Indonesian authorities have released an American nurse, who has spent four months in prison, after being arrested for visa violations during a visit to the restive Aceh Province. The nurse is heading back to the United States for medical treatment. Joy Sadler from Waterloo, Iowa, walked out of an Indonesian jail Friday in the city of Banda Aceh. She was arrested in September with her traveling companion, Scottish academic Lesley McCulloch. Indonesian authorities accused the two of using their tourist visas to conduct research into the conflict between the Indonesian Army and the separatist rebels of the Free Aceh Movement.
Both women denied the charges. But in a trial in December, Joy Sadler was sentenced to four months in prison and Lesley McCulloch to five months. The women had served most of the time during their pre-trial detention.

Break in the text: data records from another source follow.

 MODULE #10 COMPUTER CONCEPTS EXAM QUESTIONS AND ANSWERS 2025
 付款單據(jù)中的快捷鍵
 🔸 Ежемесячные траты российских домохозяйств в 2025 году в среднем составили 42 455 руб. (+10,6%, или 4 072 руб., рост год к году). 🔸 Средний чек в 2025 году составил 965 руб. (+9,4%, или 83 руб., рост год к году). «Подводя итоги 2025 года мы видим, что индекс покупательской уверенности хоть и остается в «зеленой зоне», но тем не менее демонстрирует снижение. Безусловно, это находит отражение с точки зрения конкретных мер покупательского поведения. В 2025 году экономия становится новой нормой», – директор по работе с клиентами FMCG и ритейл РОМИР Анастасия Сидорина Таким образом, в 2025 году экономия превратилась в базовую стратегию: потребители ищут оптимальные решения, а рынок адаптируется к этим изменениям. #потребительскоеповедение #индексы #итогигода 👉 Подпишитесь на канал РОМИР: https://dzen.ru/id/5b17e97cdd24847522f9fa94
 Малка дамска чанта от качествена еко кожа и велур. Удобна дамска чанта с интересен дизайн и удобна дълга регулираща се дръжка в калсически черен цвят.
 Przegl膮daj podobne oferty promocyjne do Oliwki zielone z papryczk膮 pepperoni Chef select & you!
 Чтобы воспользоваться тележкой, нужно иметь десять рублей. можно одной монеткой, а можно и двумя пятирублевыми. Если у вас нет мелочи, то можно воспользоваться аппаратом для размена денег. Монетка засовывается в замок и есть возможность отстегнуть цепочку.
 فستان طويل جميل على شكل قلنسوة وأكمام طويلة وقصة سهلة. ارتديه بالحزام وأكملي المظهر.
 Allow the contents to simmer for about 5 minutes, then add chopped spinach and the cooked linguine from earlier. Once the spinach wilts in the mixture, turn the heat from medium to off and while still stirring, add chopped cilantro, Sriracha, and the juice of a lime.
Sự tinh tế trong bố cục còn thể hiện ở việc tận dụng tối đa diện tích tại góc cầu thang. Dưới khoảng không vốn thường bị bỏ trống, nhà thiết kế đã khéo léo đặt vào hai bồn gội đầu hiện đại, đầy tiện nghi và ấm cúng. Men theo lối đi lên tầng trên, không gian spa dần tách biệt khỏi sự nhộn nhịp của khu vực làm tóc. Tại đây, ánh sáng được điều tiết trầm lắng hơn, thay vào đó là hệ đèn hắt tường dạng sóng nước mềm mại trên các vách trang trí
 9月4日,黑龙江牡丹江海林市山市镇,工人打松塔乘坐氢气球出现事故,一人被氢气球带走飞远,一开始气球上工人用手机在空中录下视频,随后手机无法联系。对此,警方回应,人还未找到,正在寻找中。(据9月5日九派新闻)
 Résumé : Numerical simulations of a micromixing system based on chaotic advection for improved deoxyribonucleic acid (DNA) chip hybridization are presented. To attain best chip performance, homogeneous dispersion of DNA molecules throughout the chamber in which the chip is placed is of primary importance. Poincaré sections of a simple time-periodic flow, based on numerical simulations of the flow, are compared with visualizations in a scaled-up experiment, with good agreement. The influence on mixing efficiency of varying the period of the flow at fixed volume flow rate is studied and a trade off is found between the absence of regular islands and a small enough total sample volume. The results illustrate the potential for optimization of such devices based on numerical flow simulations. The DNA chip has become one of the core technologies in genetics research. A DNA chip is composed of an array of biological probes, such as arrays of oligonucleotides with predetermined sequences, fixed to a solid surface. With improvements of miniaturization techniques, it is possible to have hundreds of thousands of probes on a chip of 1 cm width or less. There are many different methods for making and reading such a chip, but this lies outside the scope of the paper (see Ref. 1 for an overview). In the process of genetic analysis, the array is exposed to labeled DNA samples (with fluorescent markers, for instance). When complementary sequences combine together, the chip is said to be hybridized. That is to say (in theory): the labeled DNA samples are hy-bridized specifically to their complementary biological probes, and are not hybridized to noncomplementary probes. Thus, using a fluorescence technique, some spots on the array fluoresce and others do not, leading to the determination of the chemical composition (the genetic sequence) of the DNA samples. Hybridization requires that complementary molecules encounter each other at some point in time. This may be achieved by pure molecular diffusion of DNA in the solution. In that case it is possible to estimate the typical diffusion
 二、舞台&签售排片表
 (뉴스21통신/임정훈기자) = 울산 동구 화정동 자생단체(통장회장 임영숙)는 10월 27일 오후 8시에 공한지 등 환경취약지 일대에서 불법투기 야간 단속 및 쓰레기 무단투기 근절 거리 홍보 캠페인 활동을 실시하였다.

The American nurse, who is HIV positive, went on a hunger strike for more than a month to protest the slow pace of the Indonesian legal process, and her health deteriorated rapidly. She was persuaded to resume eating only last week, after she collapsed and was refused entry into a hospital in the Acehnese capital Banda Aceh because of her HIV-positive state.
Lesley McCulloch is due to be released on February 9.
Joy Sadler says that she hopes to return to Aceh to help the victims of the separatist conflict there.
Human rights organizations say that more than 1,200 people, the majority civilians, died in Aceh last year. But there are high hopes that the violence will abate after the government and the rebels signed a peace deal last month that allows international monitors into the province for the first time.